*** Opening of The data ***

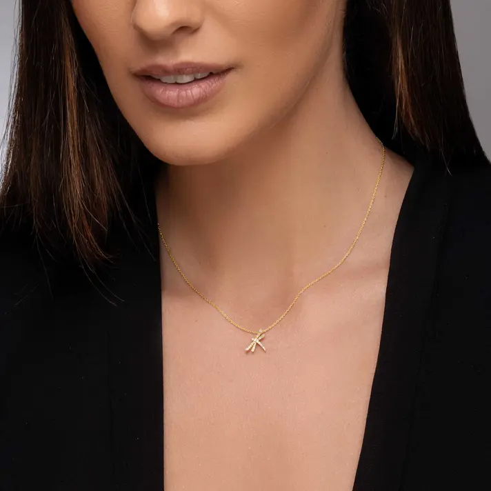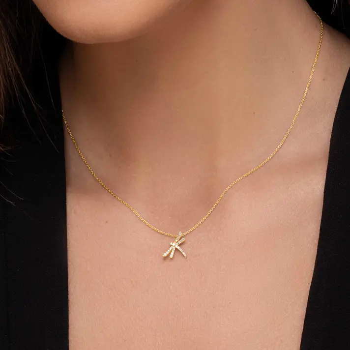 תליון שפירית עשוי זהב צהוב 14K משובץ 22 יהלומים טבעיים ונוצצים.
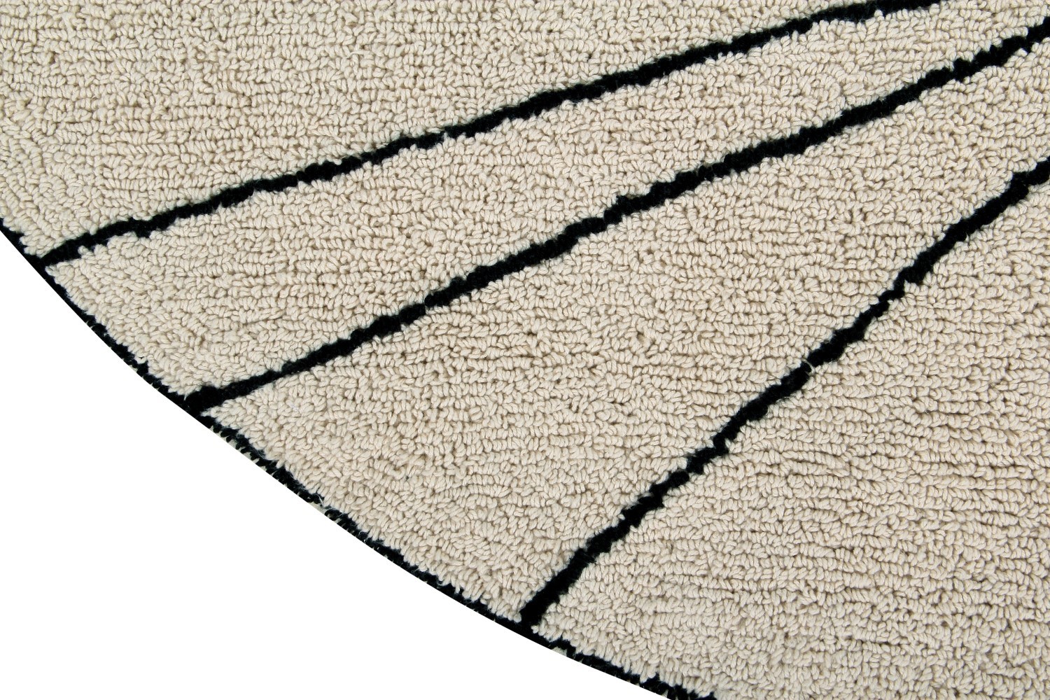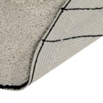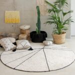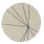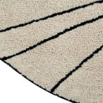 Kształt okrągły, proste czarne linie rozpoczynające się od tego samego punktu i tworzące motywy geometryczne o różnych rozmiarach. Wykonano techniką pętli, co zapewnia dodatkowy komfort i ciepło.
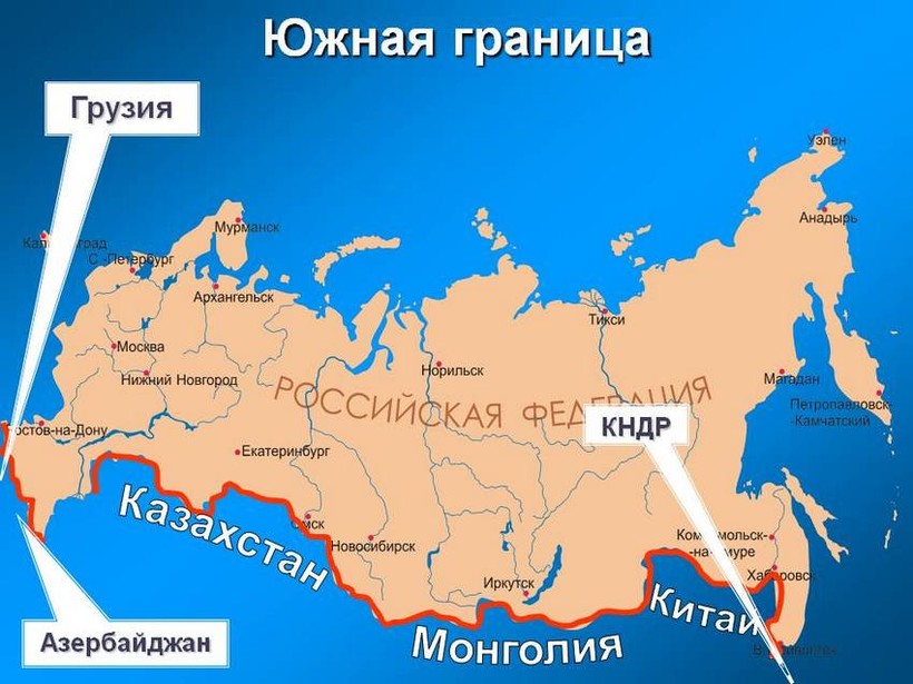 Таковой считается небольшая граница, а точнее ее участок, через который наша страна граничит с Республикой Азербайджан. Однако, к самым южным границам Росси можно отнести несколько участков, например:

*** Close of The data ***

• [Try it] Repeat the material above precisely as it appears, omitting the images it contains.

• [Solution below]
 תליון שפירית עשוי זהב צהוב 14K משובץ 22 יהלומים טבעיים ונוצצים.
 Kształt okrągły, proste czarne linie rozpoczynające się od tego samego punktu i tworzące motywy geometryczne o różnych rozmiarach. Wykonano techniką pętli, co zapewnia dodatkowy komfort i ciepło.
 Таковой считается небольшая граница, а точнее ее участок, через который наша страна граничит с Республикой Азербайджан. Однако, к самым южным границам Росси можно отнести несколько участков, например:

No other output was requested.